Hungarian court rules for written apology and financial compensation for evicted shack-dwellers

Ez a cikk több mint 7 éves.

ítélet.jpgOn February 24, 2014 the Court of Budapest ruled that the municipality of the 14th district of Budapest acted illegally when it destroyed the shacks and other possessions of homeless people on October 18, 2011 (see the photos of the destruction here). When the authorities started to destroy the huts, many inhabitants were not at home, so they were not able to save any of their belongings. Those who were there were forced to witness the destruction of their homes.

At the time, the six plaintiffs had lived in these self-built shacks for as long as 6-8 years. Even though their homes had been constructed illegally, the owner of the land (the Hungarian Railroad Company) had never initiated any action against them. The day before the destruction of the shacks, the local municipality signed a rental contract with the company in order to carry out „cleaning activities.” Apparently, this was an attempt by the municipality to create an appearance of legality. However, the municipality did not properly notify the inhabitants about the impending eviction nor did they produce any legal documents authorizing such action on the premises.

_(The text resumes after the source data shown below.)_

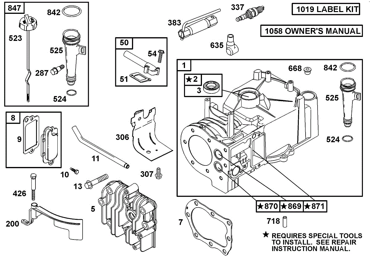 Parts for Briggs & Stratton 10C902-2037-B1: Oil Fill, Head, Cylinder Assembly Parts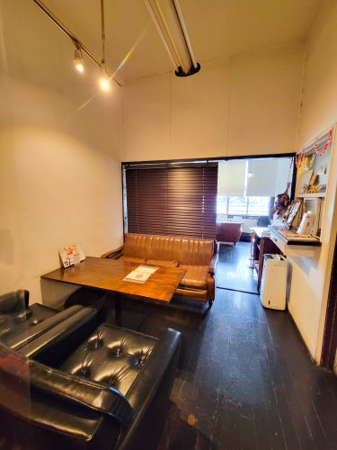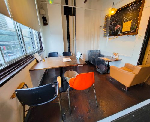 場所によってテーブルも椅子も様々。シックで落ち着いた雰囲気の店内。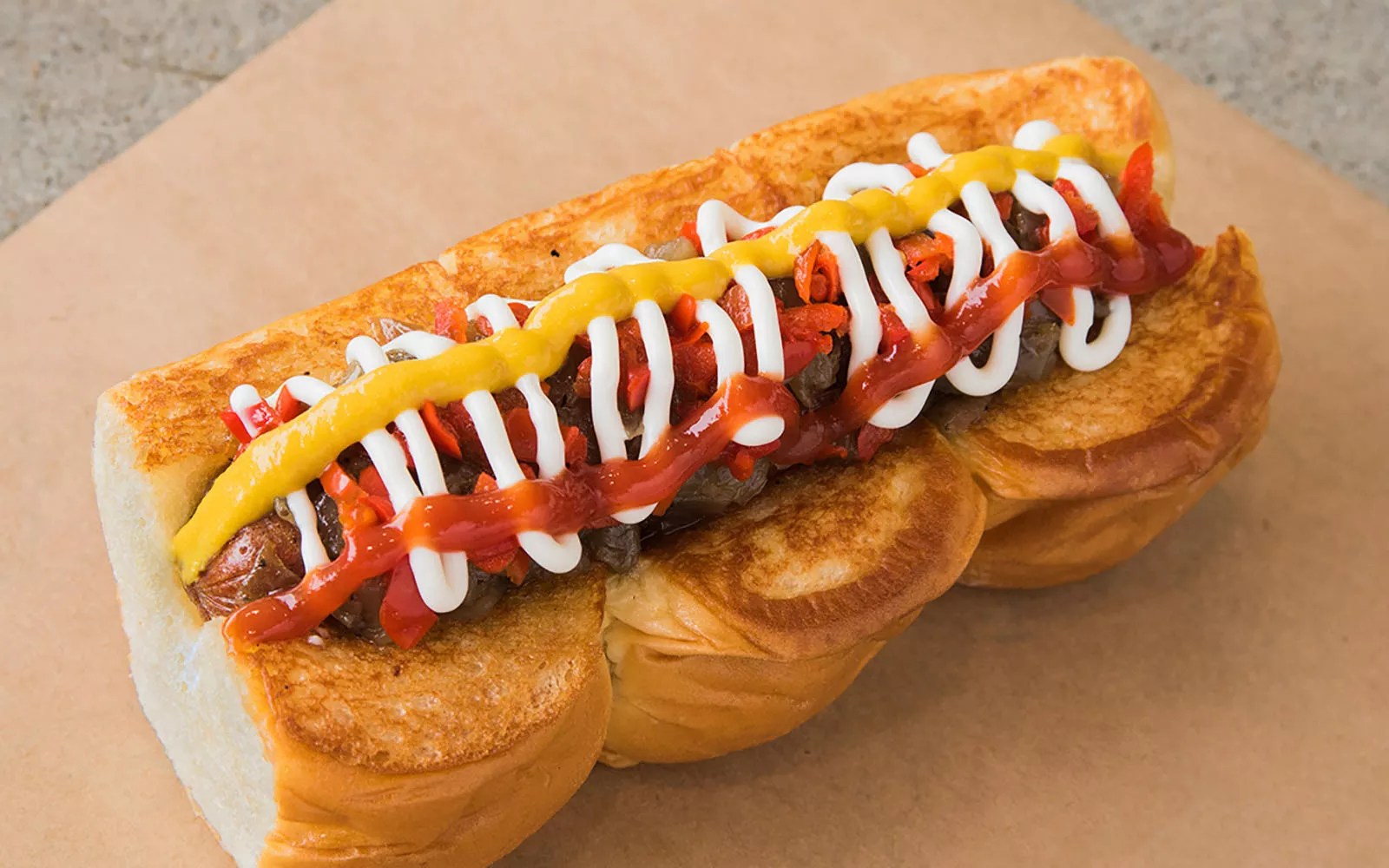 Loaded dogs are piled high with toppings at Dog Haus Biergarten in downtown Phoenix.

A few months after the destruction of their homes, the plaintiffs – with the help of The City for All and the National and Ethnical Minority Legal Defense Office – sued the municipality for destroying their homes and possessions without any legal procedures, thus violating their right to equal treatment, a fair procedure and human dignity.

After five hearings between October 2012 and February 2014, the Court finally ruled that the municipality did in fact violate the personal rights of the plaintiffs, including their right to human dignity, and it also violated its obligation to equal treatment by destroying the shacks without appropriate prior notification. The Court ordered the municipality to pay the equivalent of about €1600 to each plaintiff as compensation, plus interest since the date of the eviction. In addition, the court obliged the municipality to apologize to each plaintiff in writing.

As the first decision in the history of Hungarian law regarding the destruction of self-built shacks, this case has historic significance. According to Erika Muhi, the legal representative of the homeless plaintiffs, this decision sends a clear message to all local authorities: „they cannot do anything they want” to homeless people. The decision is not legally binding as the municipality has 15 days to file an appeal.